Net income declined to ¥51.2 billion in the three months ended June 30 from ¥151.3 billion a year earlier, Japan's biggest bank by market value said. That was less than the average estimate of ¥127.8 billion by four analysts in a recent survey.
Mitsubishi UFJ joined Sumitomo Mitsui Financial Group Inc. and Sumitomo Trust & Banking Co. in reporting their profit dropped as lending costs rose.
Bad-loan costs rose as sliding markets wiped more than $11.8 trillion off global stocks so far this year, and as bankruptcies in Japan rose 7 percent amid a slowing economy.
"The credit cycle has turned in Japan after several years of a very benign environment with abnormally low" bad-loan costs, said Brett Hemsley, an analyst at HSBC Holdings PLC in Tokyo.
Mitsubishi UFJ's bad-loan costs increased to ¥141.7 billion from ¥84 billion a year earlier, according to the bank. The Tokyo-based bank left its ¥640 billion full-year net income forecast unchanged.

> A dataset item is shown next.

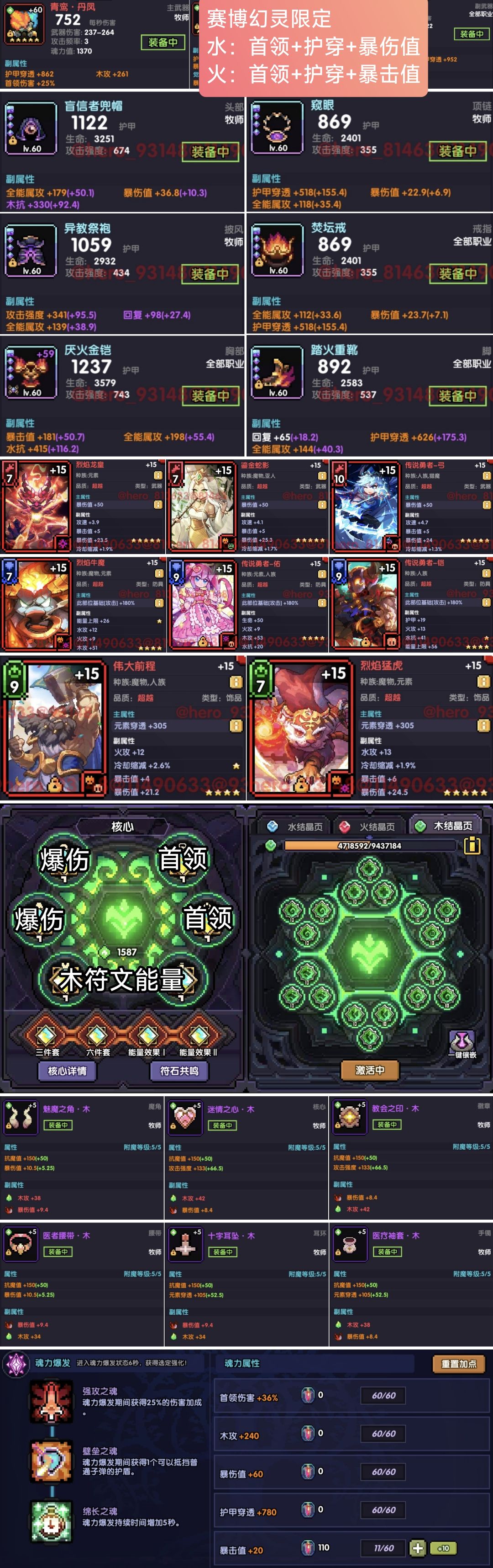 1、实战赛博幻灵套和水晶球+王棋对于火牧来说几乎平替,这个大家如果两套限定都有的话,可以对比试试,哪套属性洗得满就用哪套吧,或者不想凹水晶球就直接用赛博幻灵限定。萌新直接做赛博幻灵水火就好了。

Mitsubishi UFJ's net interest income rose to ¥470 billion from ¥465.7 billion a year earlier. The bank's net fee income declined to ¥239.2 billion, compared with ¥265.9 billion a year earlier. The company lost ¥10.1 billion on securities.
Chief Executive Officer Nobuo Kuroyanagi, 66, is expanding lending and investment abroad, taking advantage of falling stock prices and a need for capital at foreign financial firms such as Merrill Lynch & Co. and UBS AG.
Banks and brokerages have recorded at least $480 billion in writedowns and credit losses globally.